O aumento dos casos de pancreatite associados ao uso de canetas emagrecedoras no Brasil não é um dado isolado nem um mero detalhe estatístico. Trata-se de um alerta de saúde pública que expõe os riscos da medicalização apressada do emagrecimento e da banalização de medicamentos que exigem prescrição e acompanhamento rigoroso.
O que deveria ser exceção terapêutica tem se transformado em regra, muitas vezes guiada por modismos e falsas promessas de resultados rápidos.
Esses medicamentos, desenvolvidos originalmente para o tratamento do diabetes e posteriormente autorizados, em situações específicas, para o controle do peso, passaram a circular fora do ambiente médico com inquietante facilidade.
O uso sem avaliação clínica adequada, sem exames prévios e sem controle de doses cria um cenário propício para complicações graves, como a pancreatite, uma inflamação do pâncreas que pode evoluir rapidamente e exigir internação hospitalar, além de colocar a vida do paciente em risco.
Os sintomas associados à pancreatite não podem ser minimizados.

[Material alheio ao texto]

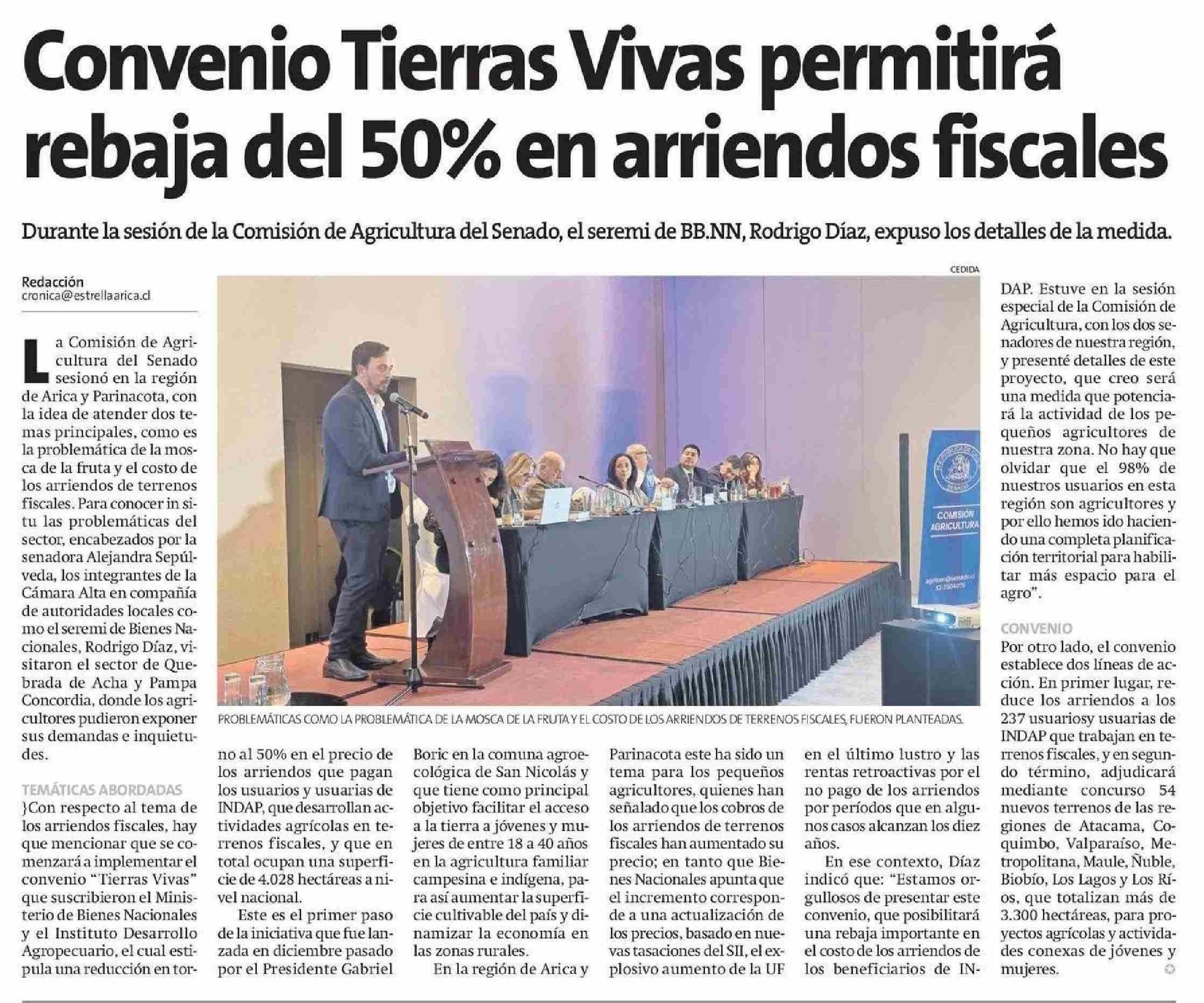 Título: Convenio Tierras Vivas permitirá rebaja del 50% en arriendos fiscales

Dor abdominal intensa e persistente, náuseas, vômitos, febre e mal-estar generalizado são sinais claros de que algo está errado.

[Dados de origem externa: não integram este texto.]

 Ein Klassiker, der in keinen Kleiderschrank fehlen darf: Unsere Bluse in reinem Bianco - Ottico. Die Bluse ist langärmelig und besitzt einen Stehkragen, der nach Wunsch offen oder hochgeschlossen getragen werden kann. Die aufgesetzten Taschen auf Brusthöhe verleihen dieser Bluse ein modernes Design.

Ignorá-los ou tratá-los como efeitos colaterais “normais” do processo de emagrecimento é um erro perigoso, que pode atrasar o diagnóstico e agravar o quadro clínico. Em casos mais severos, as consequências podem ser irreversíveis.
O crescimento desses registros revela um problema maior: a cultura do atalho. Em uma sociedade que valoriza resultados imediatos, medicamentos potentes são vistos como soluções mágicas, dissociadas de riscos e contraindicações. Soma-se a isso a influência das redes sociais, que frequentemente promovem o uso dessas canetas sem qualquer critério técnico, estimulando a automedicação e a falsa sensação de segurança.
Autoridades de saúde e especialistas são unânimes ao reforçar que as canetas emagrecedoras não são inofensivas. São fármacos sujeitos a prescrição, cujo uso exige avaliação individual, histórico clínico detalhado e acompanhamento contínuo. Quando utilizados de forma indiscriminada, deixam de ser instrumentos terapêuticos e passam a representar um problema de saúde coletiva.
A busca por saúde não pode ser guiada pela pressa nem pela desinformação. Emagrecer sem orientação pode custar caro e, em alguns casos, custar a própria saúde. O alerta está dado, e ignorá-lo seria repetir um erro que já cobra seu preço em leitos hospitalares e histórias que poderiam ter sido evitadas.